UBS Group AG completed the acquisition of former rival Credit Suisse Group AG, sealing the biggest merger in banking since the 2008 financial crisis and creating a global wealth-management titan.
The Swiss bank announced the closing of the deal in an open letter in local and international newspapers on Monday. The takeover of Credit Suisse ends the lender’s 167-year independent existence.
The announcement caps more than two months of uncertainty for employees after UBS finalized negotiations with the Swiss government over a 9 billion Swiss franc ($10 billion) guarantee against potential losses on Credit Suisse assets. The deal sets UBS up for a windfall gain in the tens of billions of dollars and begins a period of complex integration likely to involve thousands of job cuts.
UBS agreed to take over Credit Suisse in March in an emergency sale brokered by the government, after a confidence crisis and a torrent of client outflows sent it hurtling toward bankruptcy. At the helm of the combined bank, UBS Chief Executive Officer Sergio Ermotti now faces the task of fusing two companies with significant overlap and deciding which activities to jettison.

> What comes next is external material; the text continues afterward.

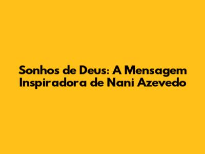 Sonhos De Deus: A Mensagem De Nani Azevedo

An accord was signed on Friday in which the government agreed to cover losses on a specific portfolio of Credit Suisse assets, corresponding to about 3% of the merged banks’ combined assets, after an initial 5 billion Swiss francs is borne by the bank. While Ermotti has said it’s “exceptionally unlikely” that the guarantee will be needed, securing the state backing helps UBS maintain market confidence while it undergoes the transition.
The Swiss government backstop was necessary because UBS had little time to do due diligence and Credit Suisse has hard-to-value assets on its books that UBS plans to wind down. Now, UBS will have full access to Credit Suisse’s business, including clients and loan exposures, giving it the ability to make decisions on what else it plans to put in the wind-down unit.
Regulators are still determining what adjustments to liquidity and capital requirements and risk weighted asset measures the combined entity will need to make.
UBS has said it plans to cut risk at the investment bank and take control of the business Credit Suisse employees do with clients. In particular, UBS will be able to impose its own, much tighter risk tolerance and restrictions for specific types of loans and clients in tricky jurisdictions.
Ermotti has said that due to differences in risk appetite UBS may not take on all of Credit Suisse’s clients. Chairman Colm Kelleher has also said that employees will be viewed through a ‘culture filter’ to ensure they fit with UBS.
“We will never compromise on UBS’s strong culture, conservative risk approach or quality service,” the bank said in the open letter, signed by Kelleher and Ermotti. “Many are counting on us to make this acquisition work.”